The earnings call summary indicates several negative factors, including declining revenues, geopolitical risks, and supply chain challenges. The Q&A section reveals uncertainty in margin progression and international market challenges. Despite some optimism for future quarters, current financial metrics show a decline in key areas, such as revenue and net income. Share repurchases and dividends provide some positive sentiment, but overall, the negative elements outweigh the positives, suggesting a likely negative stock price movement in the near term.
The earnings call reveals a mixed outlook. Financial performance shows growth in revenue and EPS, with strong debt reduction efforts and improved margins, which are positive indicators. However, concerns about declining US land activity, economic volatility, and regulatory challenges suggest potential headwinds. The Q&A section highlights management's vague responses on future opportunities, adding uncertainty. Overall, the combination of positive financial metrics and strategic challenges leads to a neutral sentiment, with limited short-term stock price movement expected.

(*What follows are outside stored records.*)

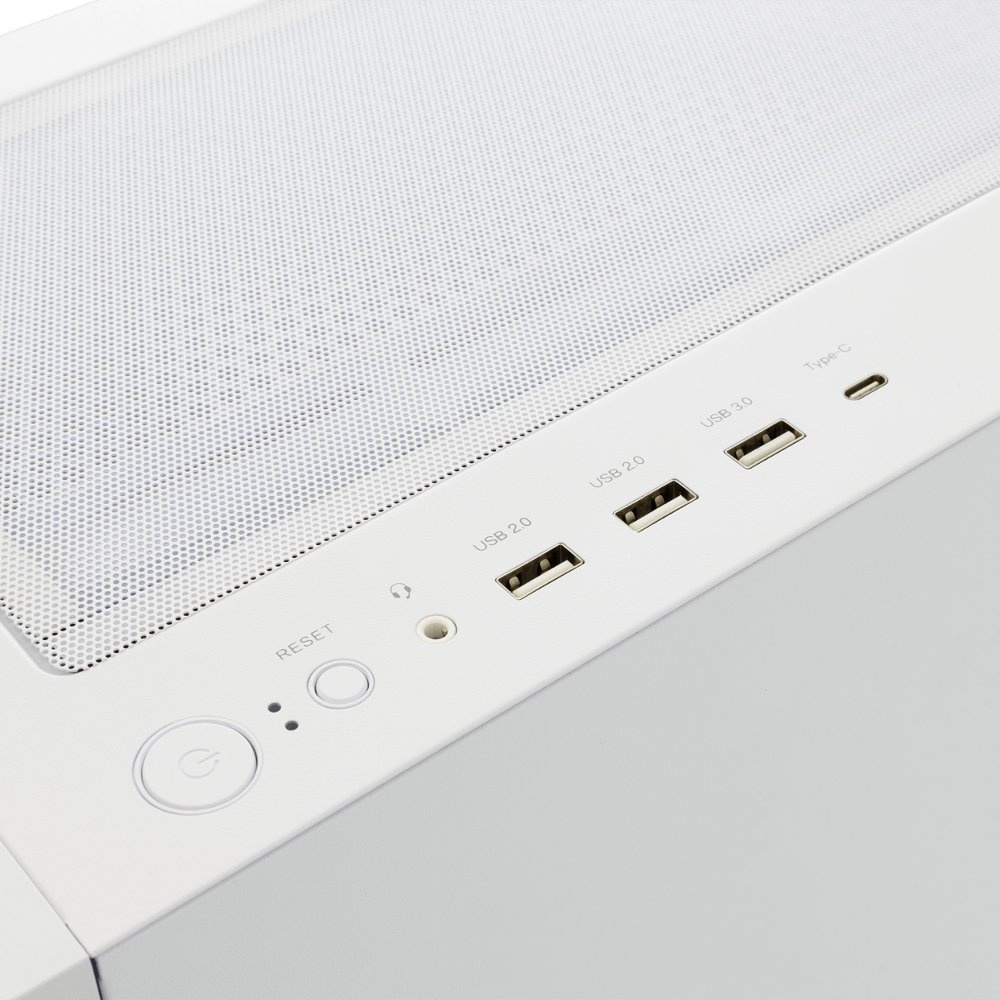 Voor opslag biedt de White Shark WARHEAD ruimte voor twee 3,5-inch en drie 2,5-inch harde schijven of SSD's, evenals zeven horizontale en twee verticale uitbreidingsslots voor extra uitbreidingskaarten. De behuizing is uitgerust met een voorpaneel dat één USB 3.0-poort, twee USB 2.0-poorten en HD Audio-poorten bevat voor gemakkelijke toegang tot randapparatuur.
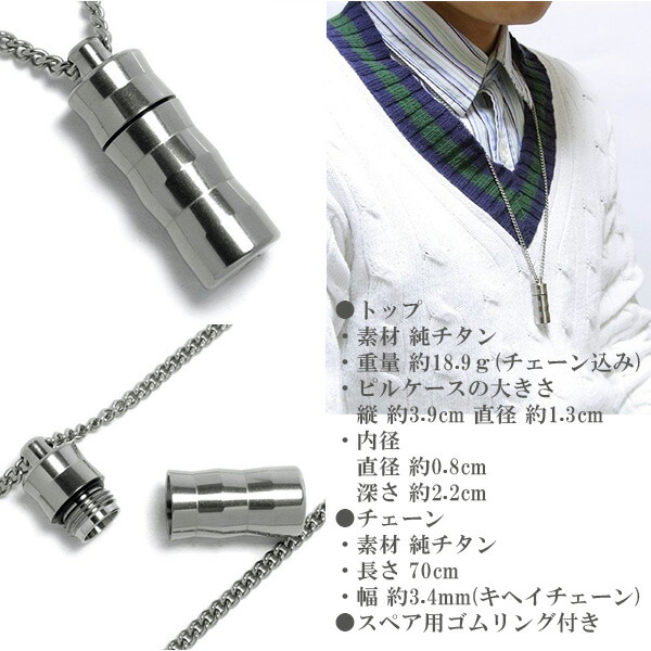 ピルケースネックレス チタンアクセサリー Titanium ペンダント【新宿 銀の蔵】
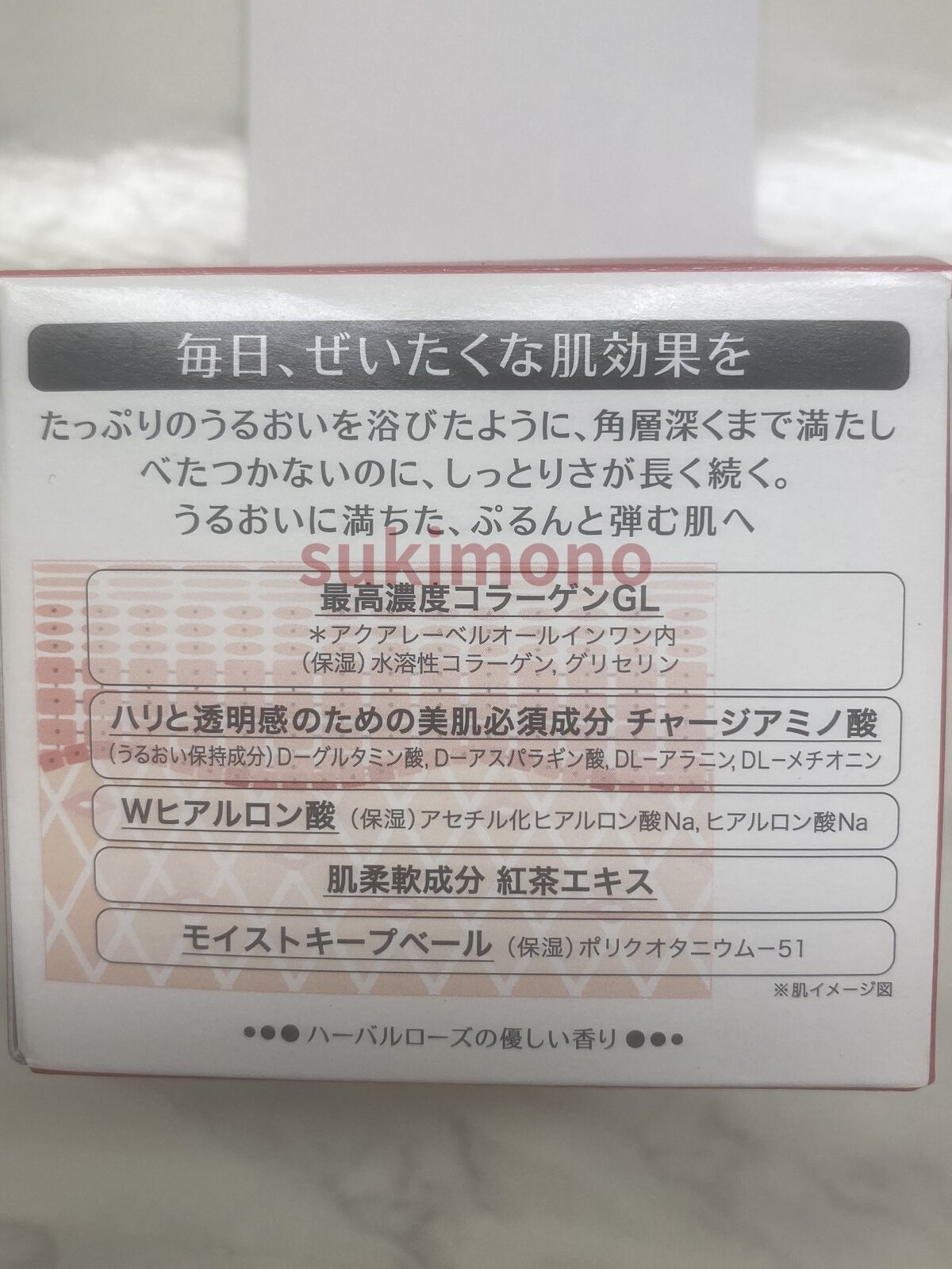 - 今日も未来も、うるおう肌へ、高保湿オールインワン。 たっぷりのうるおいを浴びたように、角層の深くまで満たし、べたつかないのに、しっとりさが長く続く。うるおいに満ちた、ぷるんと弾む肌へ。 オールインワンの1品5機能(化粧水・乳液・クリーム・美容液・マスク)はそのままに、「最高濃度コラーゲンGL」と「Wヒアルロン酸」、「チャージアミノ酸」を配合することで、肌にうるおいを与え続け、たくわえることで、未来の保湿力まで高めることができる高保湿オールインワンです。優しい香りはハーバルローズ。パッケージは、アイコンである赤色をいかしながら、より贅沢なエステ感が見合う上質さ、効果感、高揚感を演出する色調へ進化します。
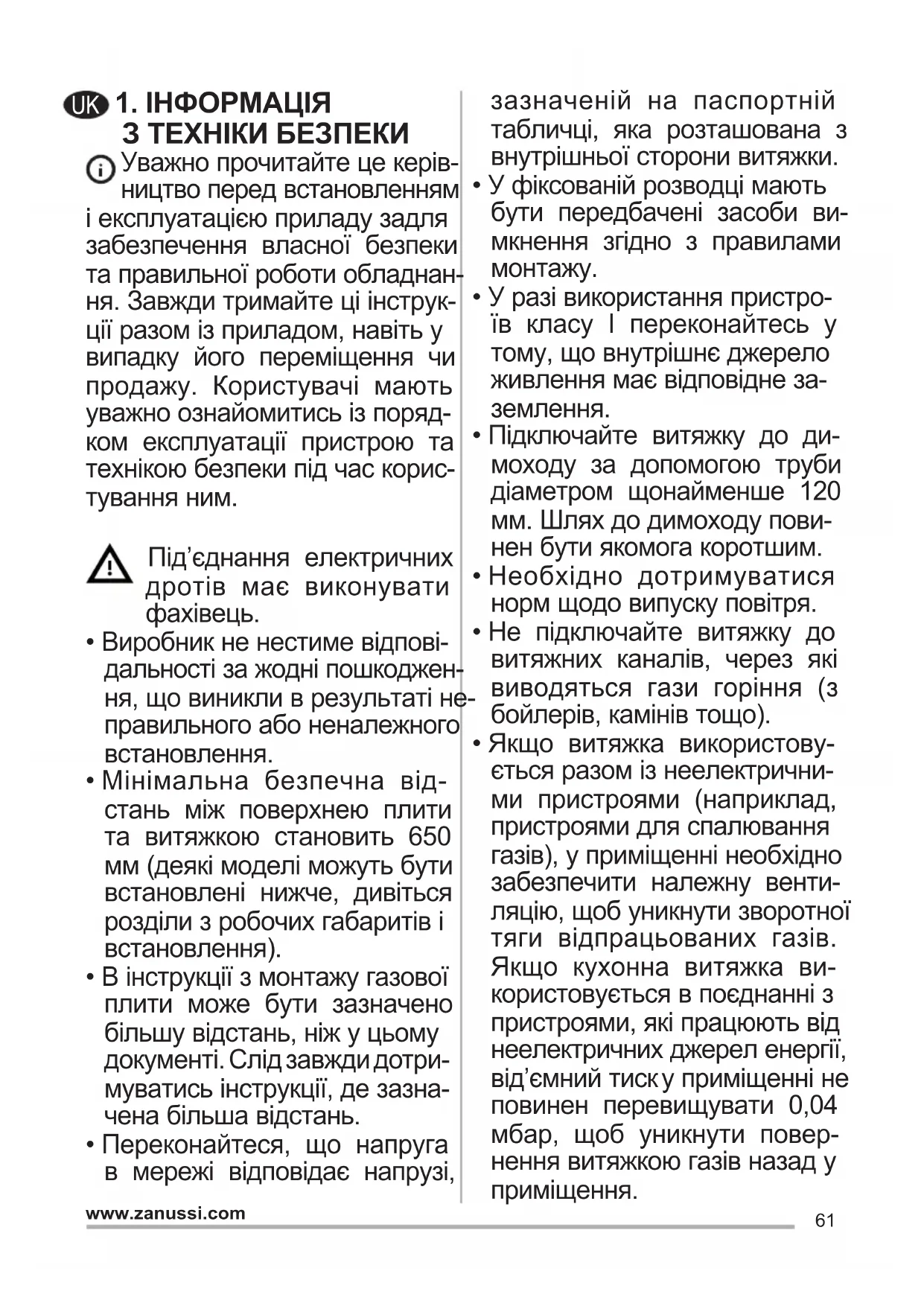 - Якщо витяжка використову- ється разом із неелектрични- ми пристроями (наприклад, пристроями для спалювання газів), у приміщенні необхідно забезпечити належну венти- ляцію, щоб уникнути зворотної тяги відпрацьованих газів. Якщо кухонна витяжка ви- користовується в поєднанні з пристроями, які працюють від неелектричних джерел енергії, від’ємний тиск у приміщенні не повинен перевищувати 0,04 мбар, щоб уникнути повер- нення витяжкою газів назад у приміщення. UK62 www.zanussi.com
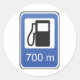 Need to know where the nearest gas station is then consult this sign. It is a gas station road sign. The picture is of a gas pump and then underneath is written 700m. This gas station road sign looks great on these stickers. Perfect for yourself or as a gift

All transcripts are sourced directly from the official live webcast or the company’s official investor relations website. We use the exact words spoken during the call with no paraphrasing of the core discussion.
Full verbatim transcripts are typically published within 4–12 hours after the call ends. Same-day availability is guaranteed for all S&P 500 and most mid-cap companies.
No material content is ever changed or summarized in the “Full Transcript” section. We only correct obvious spoken typos (e.g., “um”, “ah”, repeated 10 times”, or clear misspoken ticker symbols) and add speaker names/titles for readability. Every substantive sentence remains 100% as spoken.
When audio quality is poor or multiple speakers talk over each other, we mark the section instead of guessing. This ensures complete accuracy rather than introducing potential errors.
They are generated by a specialized financial-language model trained exclusively on 15+ years of earnings transcripts. The model extracts financial figures, guidance, and tone with 97%+ accuracy and is regularly validated against human analysts. The full raw transcript always remains available for verification.